WORK REQUIRED:
Your answer should consist only of the records, copied exactly, with the images removed.

Collected data:
———
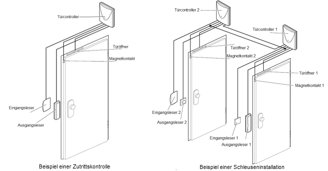 Die ACCO-Controller können Standalone zur Steuerung einer einzelnen Tür eingesetzt werden und über Zweidraht-Bus mit bis zu 254 weiteren Türcontrollern vernetzt werden. Diese Subsysteme können wiederum über IP mit beliebig vielen weiteren Systemen vernetzt werden. So können standortunabhängige Systeme beliebiger Größe erstellt werden. |
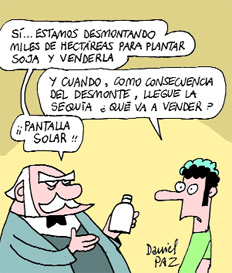“En buena parte del norte argentino se está produciendo desde hace diez años una muy fuerte expansión de la agricultura y de la ganadería –afirmó Paruelo–. Para eso es necesario desmontar el bosque original y en ese desmonte aparecen una serie de consecuencias. Los pueblos originarios y criollos son corridos y eso genera desarraigo y migración a periferias urbanas. Si no se van, quedan en una pequeña isla de monte y eso genera consecuencias serias en cuanto a las posibilidades de supervivencia, porque los recursos que utilizaban ya no están más, por el contexto socioeconómico que implica la expansión de las actividades agrícolas, entre ellas la expansión de la soja.”
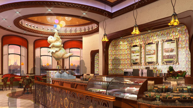 Official Description: "Grab a bite while surrounded by tutu-wearing hippos and their pirouetting pals at a location inspired by Dance of the Hours from Disney’s Fantasia! Snack on quick-service options that include a selection of pre-packaged and Grab & Go items."
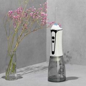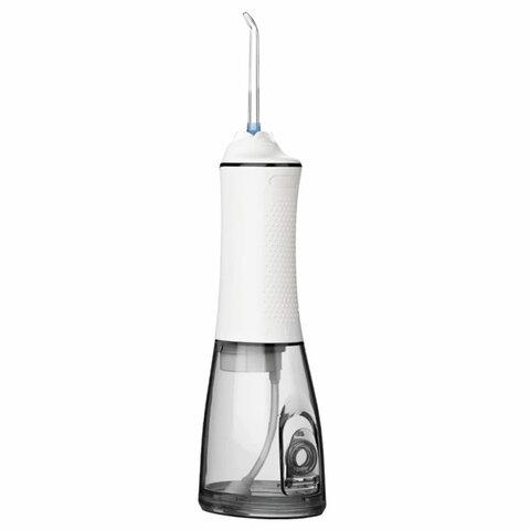 Ирригатор оснащен вместительным резервуаром на 300 мл, вращающимся на 360° креплением насадок и прочным дорожным чехлом для хранения и переноски.
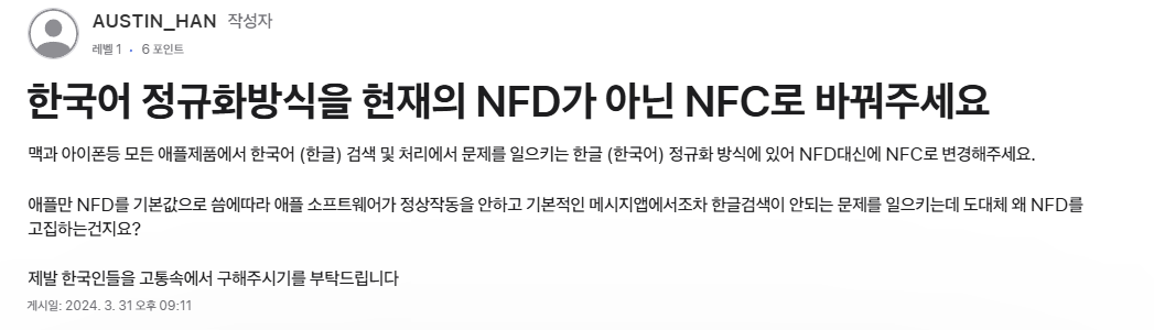 나는 처음 겪는 문제였는데, 오래전부터 iOS 유저들이 겪었던 문제였나보다.. NFD NFC를 검색해보면 구글 디벨로퍼 사이트에 올라온 글이 가장 먼저 뜬다.
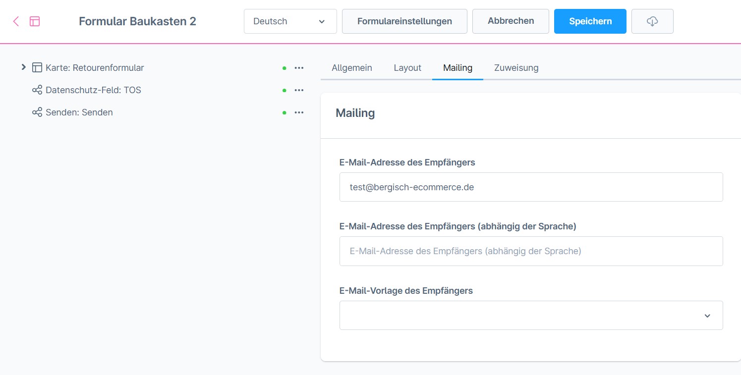 In diesem Bereich kann man den E-Mail-Empfänger individuell festlegen. Falls kein Wert eingetragen wird, nutzt das System automatisch die Standard-E-Mail-Adresse des Shops. Des Weiteren können hier komplexe Formulare erstellt werden, die auch für eine Umfrage dienen können.
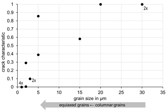 Finally, we have correlated crack characteristics C and grain size independent of the alloy/nanoparticle system (Figure 6). Some data points crack characteristic/grain size overlap in this diagram and have been marked accordingly (2×, 4×). As expected, crack characteristic C decreases with decreasing grain size. Moreover, in this diagram we find a successful process window in the bottom left corner which is relatively consistent for all investigated variants. Low grain size of less than about 3 µm correlates with almost crack-free PBF-LB/M components. As mentioned above, grain shape changes concurrently with grain size from large columnar grains to small equiaxed grains.
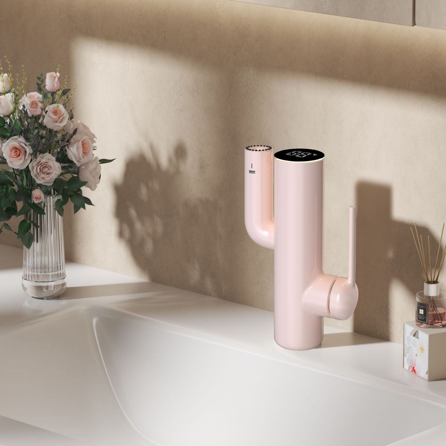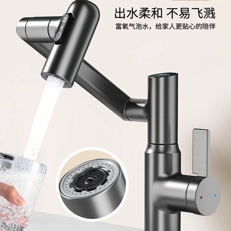 メーカー全銅デジタル表示洗面器灰色ピンク招き猫蛇口新型回転引き出し洗面蛇口
———
RESPONSE BOX:
 Die ACCO-Controller können Standalone zur Steuerung einer einzelnen Tür eingesetzt werden und über Zweidraht-Bus mit bis zu 254 weiteren Türcontrollern vernetzt werden. Diese Subsysteme können wiederum über IP mit beliebig vielen weiteren Systemen vernetzt werden. So können standortunabhängige Systeme beliebiger Größe erstellt werden. |
“En buena parte del norte argentino se está produciendo desde hace diez años una muy fuerte expansión de la agricultura y de la ganadería –afirmó Paruelo–. Para eso es necesario desmontar el bosque original y en ese desmonte aparecen una serie de consecuencias. Los pueblos originarios y criollos son corridos y eso genera desarraigo y migración a periferias urbanas. Si no se van, quedan en una pequeña isla de monte y eso genera consecuencias serias en cuanto a las posibilidades de supervivencia, porque los recursos que utilizaban ya no están más, por el contexto socioeconómico que implica la expansión de las actividades agrícolas, entre ellas la expansión de la soja.”
 Official Description: "Grab a bite while surrounded by tutu-wearing hippos and their pirouetting pals at a location inspired by Dance of the Hours from Disney’s Fantasia! Snack on quick-service options that include a selection of pre-packaged and Grab & Go items."
 Ирригатор оснащен вместительным резервуаром на 300 мл, вращающимся на 360° креплением насадок и прочным дорожным чехлом для хранения и переноски.
 나는 처음 겪는 문제였는데, 오래전부터 iOS 유저들이 겪었던 문제였나보다.. NFD NFC를 검색해보면 구글 디벨로퍼 사이트에 올라온 글이 가장 먼저 뜬다.
 In diesem Bereich kann man den E-Mail-Empfänger individuell festlegen. Falls kein Wert eingetragen wird, nutzt das System automatisch die Standard-E-Mail-Adresse des Shops. Des Weiteren können hier komplexe Formulare erstellt werden, die auch für eine Umfrage dienen können.
 Finally, we have correlated crack characteristics C and grain size independent of the alloy/nanoparticle system (Figure 6). Some data points crack characteristic/grain size overlap in this diagram and have been marked accordingly (2×, 4×). As expected, crack characteristic C decreases with decreasing grain size. Moreover, in this diagram we find a successful process window in the bottom left corner which is relatively consistent for all investigated variants. Low grain size of less than about 3 µm correlates with almost crack-free PBF-LB/M components. As mentioned above, grain shape changes concurrently with grain size from large columnar grains to small equiaxed grains.
 メーカー全銅デジタル表示洗面器灰色ピンク招き猫蛇口新型回転引き出し洗面蛇口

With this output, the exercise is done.